## BRIEF
From the material below, reproduce exactly the stretch of lines that begins with the line holding "먹는 고래들은 대부분" and ends with the line holding "Kentte dün henüz", skipping the pictures.

## INPUT FOR THIS TASK

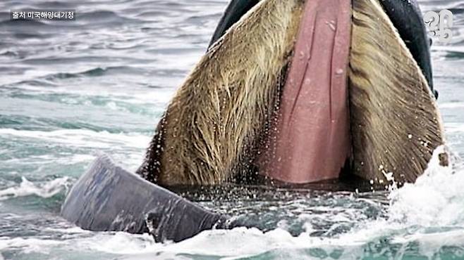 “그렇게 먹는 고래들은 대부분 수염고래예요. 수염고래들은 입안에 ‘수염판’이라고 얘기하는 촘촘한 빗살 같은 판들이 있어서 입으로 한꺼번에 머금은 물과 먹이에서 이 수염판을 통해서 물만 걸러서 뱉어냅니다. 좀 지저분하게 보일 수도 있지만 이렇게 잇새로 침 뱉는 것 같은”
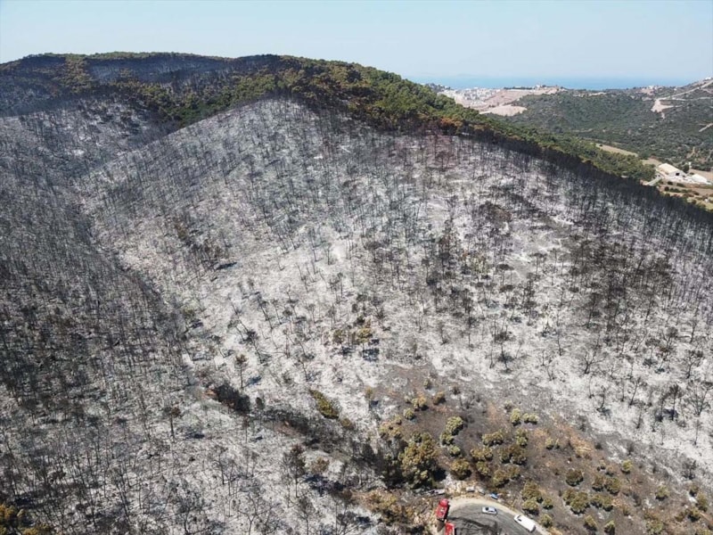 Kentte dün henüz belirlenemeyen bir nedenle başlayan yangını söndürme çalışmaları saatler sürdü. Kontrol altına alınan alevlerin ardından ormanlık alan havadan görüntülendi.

---

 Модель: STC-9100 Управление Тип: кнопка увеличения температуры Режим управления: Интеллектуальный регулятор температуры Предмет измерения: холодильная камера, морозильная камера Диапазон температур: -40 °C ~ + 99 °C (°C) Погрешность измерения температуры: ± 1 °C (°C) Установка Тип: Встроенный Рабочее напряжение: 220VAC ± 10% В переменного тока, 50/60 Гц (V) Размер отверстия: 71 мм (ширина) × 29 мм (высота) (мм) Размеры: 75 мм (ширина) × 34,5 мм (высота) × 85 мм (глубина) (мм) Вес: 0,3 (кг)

## WORKED SOLUTION
 “그렇게 먹는 고래들은 대부분 수염고래예요. 수염고래들은 입안에 ‘수염판’이라고 얘기하는 촘촘한 빗살 같은 판들이 있어서 입으로 한꺼번에 머금은 물과 먹이에서 이 수염판을 통해서 물만 걸러서 뱉어냅니다. 좀 지저분하게 보일 수도 있지만 이렇게 잇새로 침 뱉는 것 같은”
 Kentte dün henüz belirlenemeyen bir nedenle başlayan yangını söndürme çalışmaları saatler sürdü. Kontrol altına alınan alevlerin ardından ormanlık alan havadan görüntülendi.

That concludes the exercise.